My personal favorites are a pair of non-binary undergrads at Oberlin College, whose jarring modernity serves to represent a brighter future, as in the future is already here. Carroll’s putting all of her hope eggs in that basket.
"I loved those Oberlin kids," she tells me. "They were super smart. If we just don’t destroy the world in the next two or three years, the next generation is going to be wonderful. We’ve got too many of these old guys doing bad stuff, and we’re just going to have to wait for them to die off."
But Carroll is not the type to sit around and wait. She corrects herself.
"We’re going to Montana! You’ll help me," she says. And I picture us blazing across the Midwest in the ultimate Thelma and Louise revival, primed to dismantle the patriarchy with the teachings of one modest proposal. "I will! Sign me up! Give me a clipboard!" I holler.
Because if Carroll is serious about reprogramming society, her book is the perfect tool.
As for Trump, she says, "I’m just gonna go on! I’m gonna fight this guy."

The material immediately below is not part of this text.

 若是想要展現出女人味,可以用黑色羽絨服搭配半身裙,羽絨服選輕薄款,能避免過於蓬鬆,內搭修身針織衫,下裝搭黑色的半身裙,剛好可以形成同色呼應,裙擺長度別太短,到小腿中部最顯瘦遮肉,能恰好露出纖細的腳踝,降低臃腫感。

Carroll tells me she’s happy in her little cocoon of love, a.k.a. her tiny cottage in the Wawayanda Mountains, in the excellent company of Vagina T. Fireball the cat, Guffington Von Fluke the dog (her poodle, Lewis, passed away), and a loaded gun on the nightstand. The bullets are new, a response to the barrage of hateful spew she’s endured since the media frenzy around her Trump disclosure. She tells me that a close friend on Facebook’s Anti-Harassment squad offered to set up protective walls on her accounts, but she prefers to see the enemy and battle on.

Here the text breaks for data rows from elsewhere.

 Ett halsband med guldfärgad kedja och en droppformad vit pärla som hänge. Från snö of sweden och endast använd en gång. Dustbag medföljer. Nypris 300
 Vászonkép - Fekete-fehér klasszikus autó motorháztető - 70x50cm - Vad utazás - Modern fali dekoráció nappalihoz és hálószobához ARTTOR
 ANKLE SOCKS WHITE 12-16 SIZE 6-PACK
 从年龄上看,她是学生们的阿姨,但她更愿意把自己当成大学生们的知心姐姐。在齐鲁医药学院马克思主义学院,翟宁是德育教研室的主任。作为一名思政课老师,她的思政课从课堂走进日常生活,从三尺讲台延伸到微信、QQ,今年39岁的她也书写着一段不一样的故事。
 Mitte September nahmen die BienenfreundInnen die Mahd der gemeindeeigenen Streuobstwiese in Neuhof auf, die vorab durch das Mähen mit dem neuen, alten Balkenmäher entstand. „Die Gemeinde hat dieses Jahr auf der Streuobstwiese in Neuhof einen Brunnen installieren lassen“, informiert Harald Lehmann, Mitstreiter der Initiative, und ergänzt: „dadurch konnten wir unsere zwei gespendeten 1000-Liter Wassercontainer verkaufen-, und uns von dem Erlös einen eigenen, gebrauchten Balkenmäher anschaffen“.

As for Trump, she says, "I’m just gonna go on! I’m gonna fight this guy. I’m not gonna take it lying down. Put it that way. Because I don’t like that I’m making people feel embarrassed and helpless."
The section of the book in which she details her accusations against Trump is only 11 pages long. And while those pages are critical to his story, the full saga of What Do We Need Men For? holds the real power for Carroll. In writing a memoir that moves far beyond the theoretical, Carroll has created a personal narrative primed to shift people’s understanding, and ultimately, their behavior. Books like this one shape history. But only if people listen.